If you replace memq by the appropriate macro expansion, my guess is it would
be FASTER than member by
the same or a larger factor.
Presumably what you have observed is the call overhead for memq to call
member.
In a macro expansion, that call overhead would disappear. And the
open-coding would provide
additional speedups (though if sbcl/cmucl is clever enough to do
open-coding, then
there would not be a change in that.) I think that most applications of
memq
are searching in a list of 2 or 3 length, and often a CONSTANT list.
It seems to me that you should be able to roll back your changes and test a
memq macro,
with explicit open-coding of testing for short lists, as a courtesy.
> -----Original Message-----
> From: Andreas Eder [mailto:aeder at arcor.de]

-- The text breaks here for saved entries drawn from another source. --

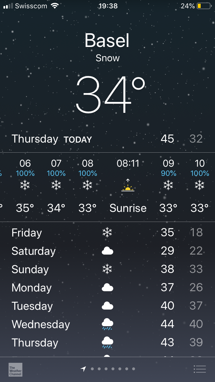 Basel is spoiling me. My weather app, which has a poor track record for accuracy, again promised me snow earlier this week. I’ve taken to loathing the app in recent days, as I prepare excitedly to wake up to a snow-filled wonderland and instead wake up to rain. But not this time!
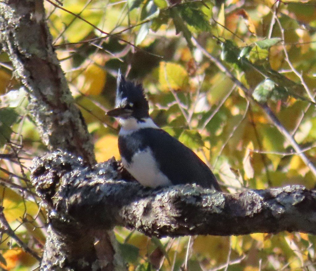 Wait – I almost left out a crucial (to me) bird. Kingfishers are really, really (for me) hard to photograph. They’re even hard to see, and I hardly ever see them stop. They fly, fly, fly. In almost all birds (think cardinals), if there is an appearance difference between genders, the male is the better looking of the two. Everything in this blog is strictly my opinion, but male Kingfishers are much more muted and less colorful than females. This guy stopped in the shade long enough for me to snap a few images:
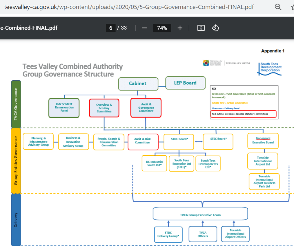When this document was published, South Tees Enterprise Ltd (STEL) was 100% owned by them. They had a 50% share in Teesside International Airport Business Park Ltd, and they owned DCS Industrial (South) Ltd. The document that contains this diagram mentions STEL only once, as contributing in some obscure way to the ‘rail management business case’. Furthermore, the role of DCS Industrial (South) is not mentioned at all.
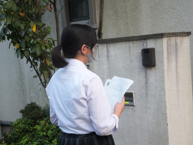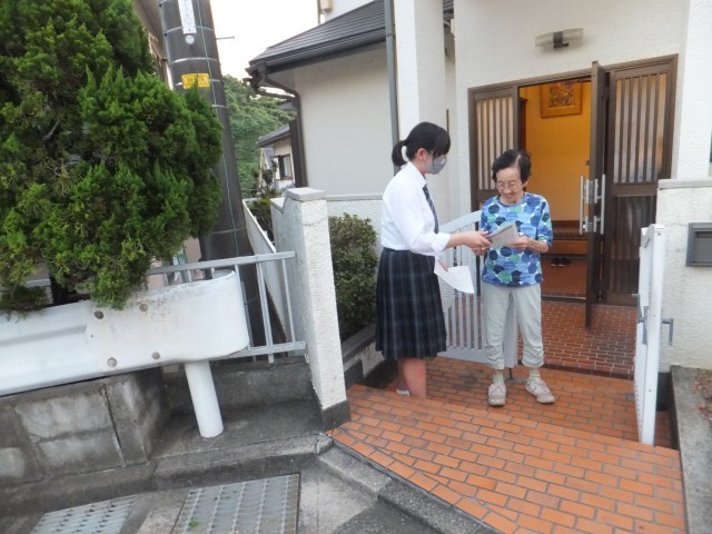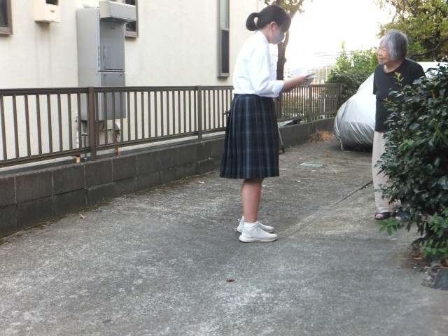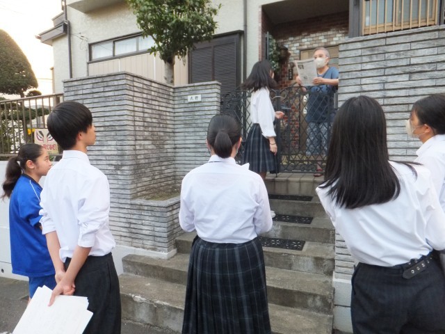 合唱コンクールの練習の取組がだんだんと熱が入ってきたこの時期、合唱実行委員が近隣のお宅にあいさつに出かけました。
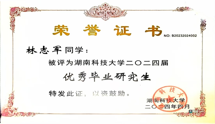 主持湖南省研究生科研创新项目1项,参与国家自然科学基金项目2项在InternationalJournalofMiningScienceandTechnology ReliabilityEngineering&SystemSafety(均为中科院一区top)、煤炭学报、中国安全科学学报等国内外顶级期刊发表学术论文10余篇,授权发明专利1项,实用新型2项,受理发明专利3项;荣获湖南省优秀毕业研究生、湖南科技大学校级优秀共青团员及优秀研究生、东莞城市学院优秀毕业生等荣誉称号。但在他心中,这些成绩的意义,远不如在城院打下的那份底色来得珍贵。他深知,没有本科阶段打下的扎实基础,没有老师们的一路指引,没有母校提供的成长沃土,就没有今天的自己。尤其是张飞老师多年来持续的关心与指导,从智慧应急到防灾减灾,那些跨越时空的对话,始终照亮着他前行的路。

> Sent: Saturday, April 12, 2008 8:36 AM
> To: fateman at EECS.Berkeley.EDU
> Cc: maxima at math.utexas.edu
> Subject: Re: [Maxima] More on memq
>
> Richard wrote:
>
> >Andreas then asks "what would be gained by changing back?"
> >
> >The answer is evident: it might be faster with some compilers.
>
> Well, the fact is that by replacing memq it got faster by between
> 7% and 10% on sbcl, cmucl and clisp.
> I cannot speak for any other compilers.